Irrigation scheduling is the process used by irrigation system managers to determine the correct frequency and duration of watering. The goal is to apply enough water to fully wet the plant's root zone while minimizing overwatering and ensuring high water use efficiency (WUE).

Modern scheduling has evolved from simple calendar-based timers to "smart" systems that adapt dynamically to weather conditions and soil moisture levels.

== Methods of scheduling ==
Irrigation scheduling can be grouped into three primary methodologies, ranging from observation to advanced data analytics.

=== Observation method ===
The most basic form of scheduling relies on visual cues or physical inspection.
- Visual cues: Monitoring plants for signs of water stress (wilting, leaf curling, or color changes) before watering.
- Feel and appearance method: Taking a soil sample by hand to estimate moisture content based on how the soil ribbons or clumps.

=== Soil moisture measurement ===
This method uses sensors placed directly in the root zone to measure the volumetric water content or soil water tension.
- Tensiometers: Measure the force (tension) roots must exert to extract water.
- Capacitance Sensors: Measure the dielectric permittivity of the soil to determine water volume.
- Neutron Probes: Used in agriculture for highly accurate deep-soil readings.

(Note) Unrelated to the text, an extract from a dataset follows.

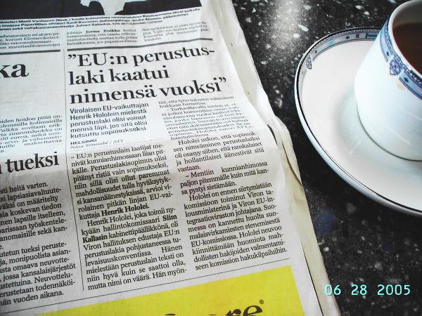 "EU:n perustuslaki kaatui nimensä vuoksi". Virolaisen EU-vaikuttajan Henrik Hololein mielestä perustuslaki olisi voinut mennä läpi, jos sitä olisi kutsuttu sopimukseksi. Keskisuomalainen. Uutiset. Tiistaina 28.06.2005. Helsinki Nina Törnudd/STT. Tulossa! |

These sensors can act as a "thermostat" for irrigation, triggering the system only when moisture drops below a specific Management Allowed Depletion (MAD) threshold.

=== Meteorological (water balance) method ===

Also known as the "Checkbook Method," this approach calculates the water balance of the soil. It treats the soil reservoir like a bank account:
- Deposits: Rainfall and Irrigation.
- Withdrawals: Evapotranspiration (ET)—the combined loss of water via soil evaporation and plant transpiration.

The daily soil water balance equation is often expressed as:

$D_c = D_{p} + ET_c - P - I$

Where:
- $D_c$ = Current soil moisture depletion
- $D_{p}$ = Previous depletion
- $ET_c$ = Crop evapotranspiration (water used by crop)
- $P$ = Precipitation (rain)
- $I$ = Irrigation applied

This method relies heavily on accurate weather data to calculate daily water loss.

== Smart irrigation technologies ==
Advancements in "weather awareness" have led to the development of smart irrigation controllers that automate the scheduling process.

=== Weather-based (ET) controllers ===
Evapotranspiration (ET) controllers adjust irrigation schedules daily based on local weather conditions. They calculate the Reference Evapotranspiration ($ET_0$)—the amount of water a standard grass surface would lose given the current temperature, humidity, wind speed, and solar radiation.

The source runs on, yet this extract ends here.